## TASK BRIEF
Exactly the lines from the beginning of the records below through the line with "- Nemt at betjene" must be given again, without pictures.

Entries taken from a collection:

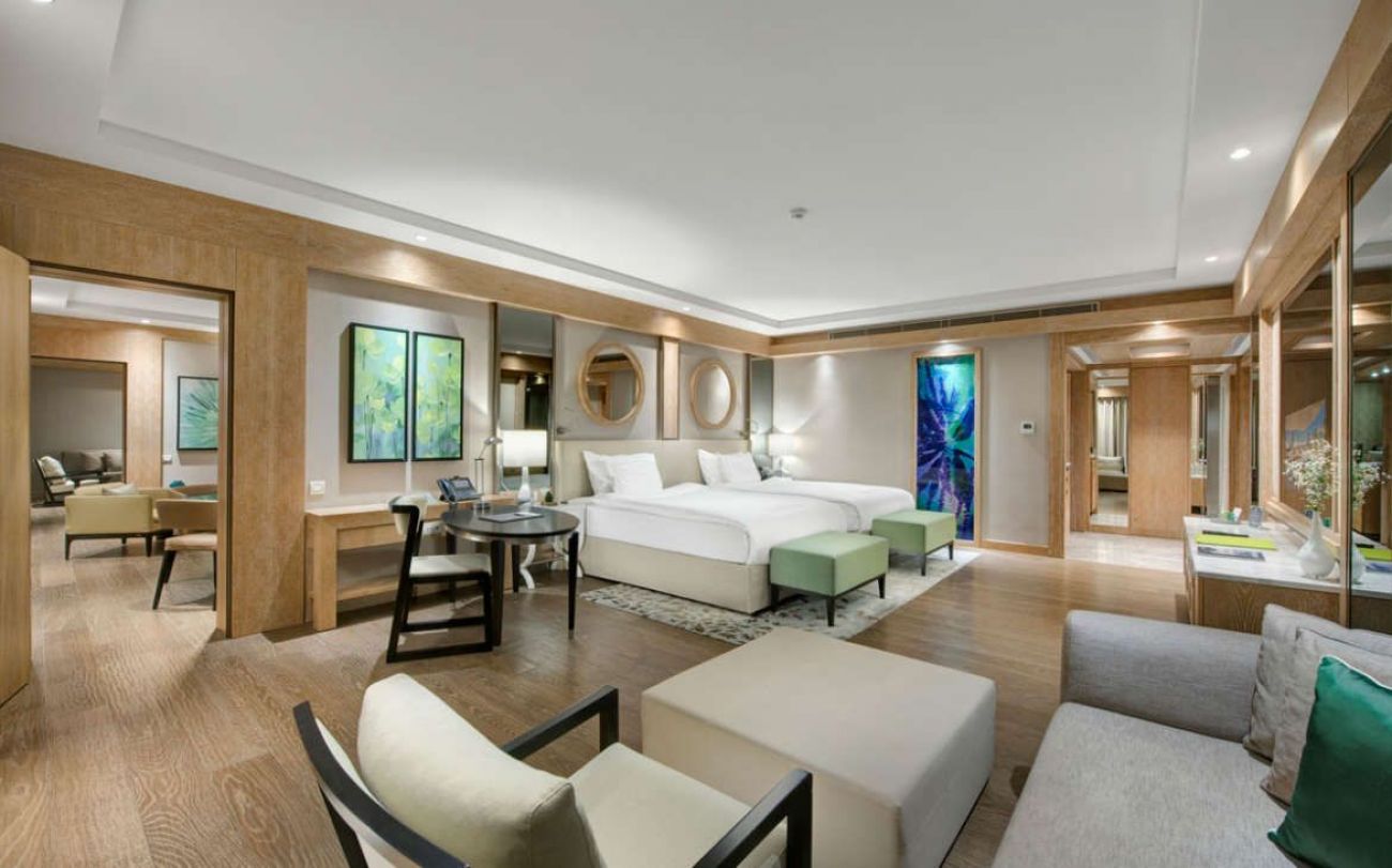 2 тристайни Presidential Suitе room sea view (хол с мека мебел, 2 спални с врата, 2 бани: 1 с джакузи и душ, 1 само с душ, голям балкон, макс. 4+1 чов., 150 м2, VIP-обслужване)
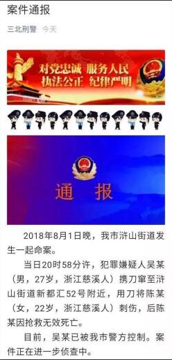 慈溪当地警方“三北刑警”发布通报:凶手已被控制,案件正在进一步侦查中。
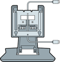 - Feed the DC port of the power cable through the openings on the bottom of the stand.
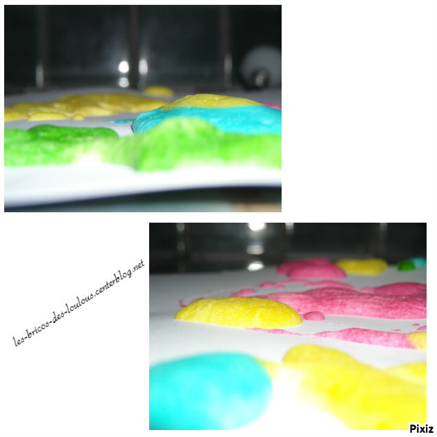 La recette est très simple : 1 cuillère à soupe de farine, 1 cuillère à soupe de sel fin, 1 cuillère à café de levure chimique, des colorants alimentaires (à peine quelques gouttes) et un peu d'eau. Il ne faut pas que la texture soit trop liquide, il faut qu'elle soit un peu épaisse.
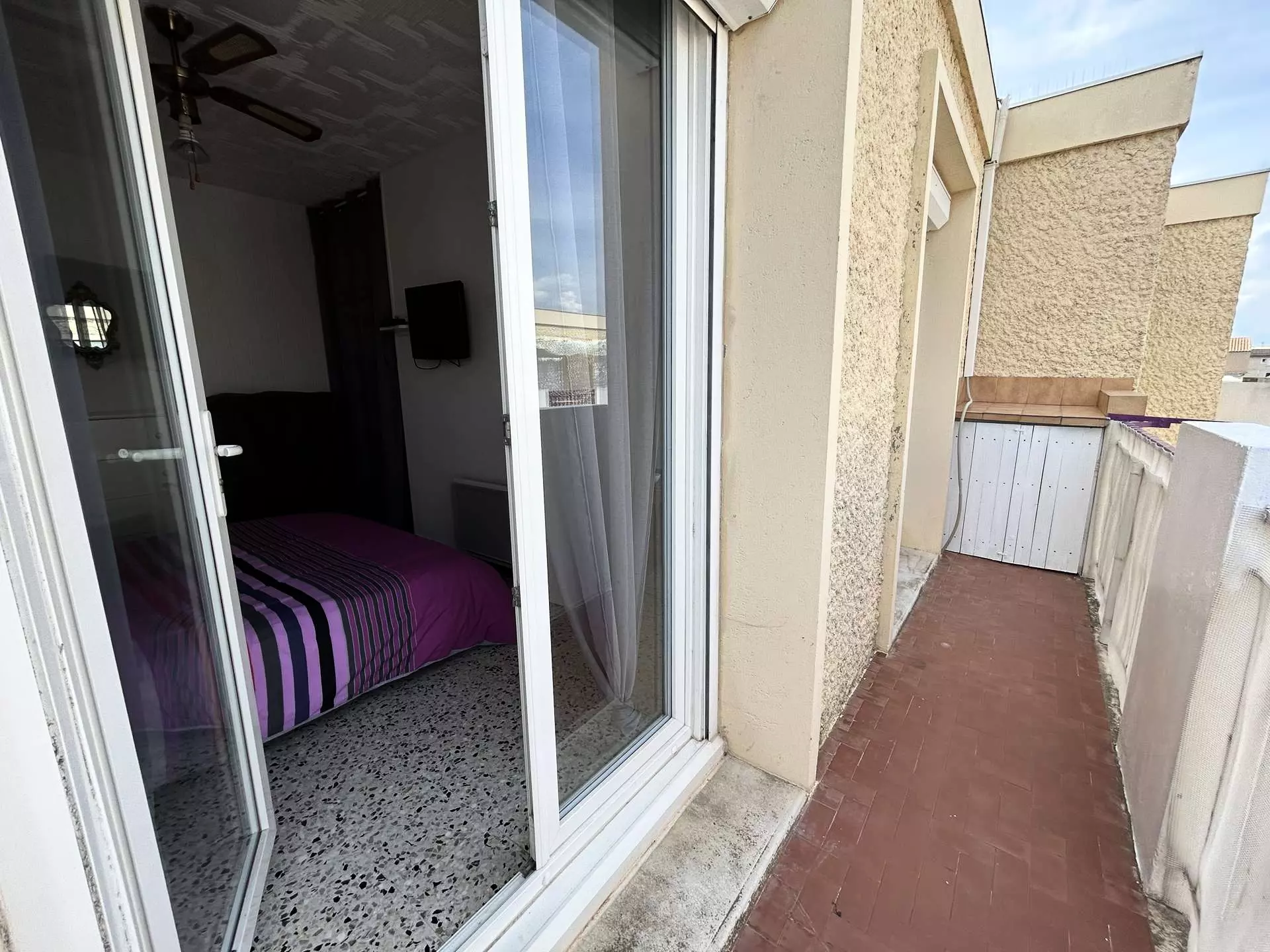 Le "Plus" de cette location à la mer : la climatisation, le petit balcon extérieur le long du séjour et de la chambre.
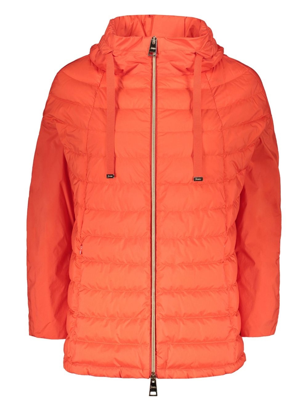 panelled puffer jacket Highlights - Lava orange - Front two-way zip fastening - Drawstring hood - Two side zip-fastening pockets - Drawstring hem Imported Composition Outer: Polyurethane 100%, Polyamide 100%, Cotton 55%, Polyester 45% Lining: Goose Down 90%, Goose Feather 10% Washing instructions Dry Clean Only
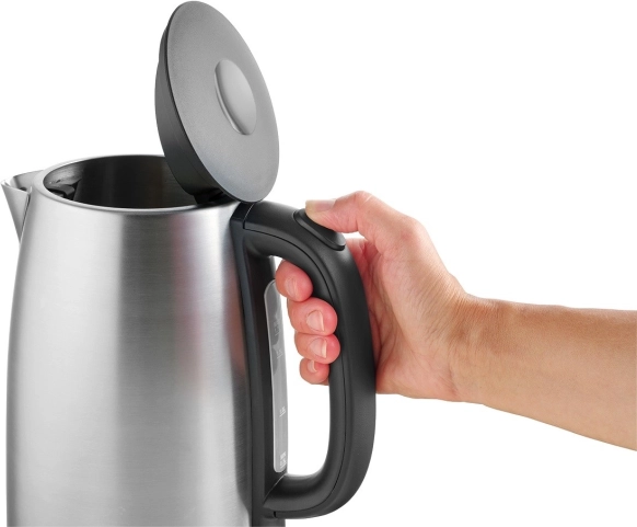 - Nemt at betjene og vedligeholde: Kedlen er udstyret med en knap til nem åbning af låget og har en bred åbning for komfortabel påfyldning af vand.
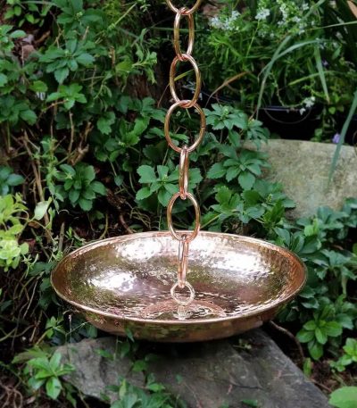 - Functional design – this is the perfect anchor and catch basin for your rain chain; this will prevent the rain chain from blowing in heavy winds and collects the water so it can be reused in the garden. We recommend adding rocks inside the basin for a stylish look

## ANSWER TO THIS PROBLEM
 2 тристайни Presidential Suitе room sea view (хол с мека мебел, 2 спални с врата, 2 бани: 1 с джакузи и душ, 1 само с душ, голям балкон, макс. 4+1 чов., 150 м2, VIP-обслужване)
 慈溪当地警方“三北刑警”发布通报:凶手已被控制,案件正在进一步侦查中。
 - Feed the DC port of the power cable through the openings on the bottom of the stand.
 La recette est très simple : 1 cuillère à soupe de farine, 1 cuillère à soupe de sel fin, 1 cuillère à café de levure chimique, des colorants alimentaires (à peine quelques gouttes) et un peu d'eau. Il ne faut pas que la texture soit trop liquide, il faut qu'elle soit un peu épaisse.
 Le "Plus" de cette location à la mer : la climatisation, le petit balcon extérieur le long du séjour et de la chambre.
 panelled puffer jacket Highlights - Lava orange - Front two-way zip fastening - Drawstring hood - Two side zip-fastening pockets - Drawstring hem Imported Composition Outer: Polyurethane 100%, Polyamide 100%, Cotton 55%, Polyester 45% Lining: Goose Down 90%, Goose Feather 10% Washing instructions Dry Clean Only
 - Nemt at betjene og vedligeholde: Kedlen er udstyret med en knap til nem åbning af låget og har en bred åbning for komfortabel påfyldning af vand.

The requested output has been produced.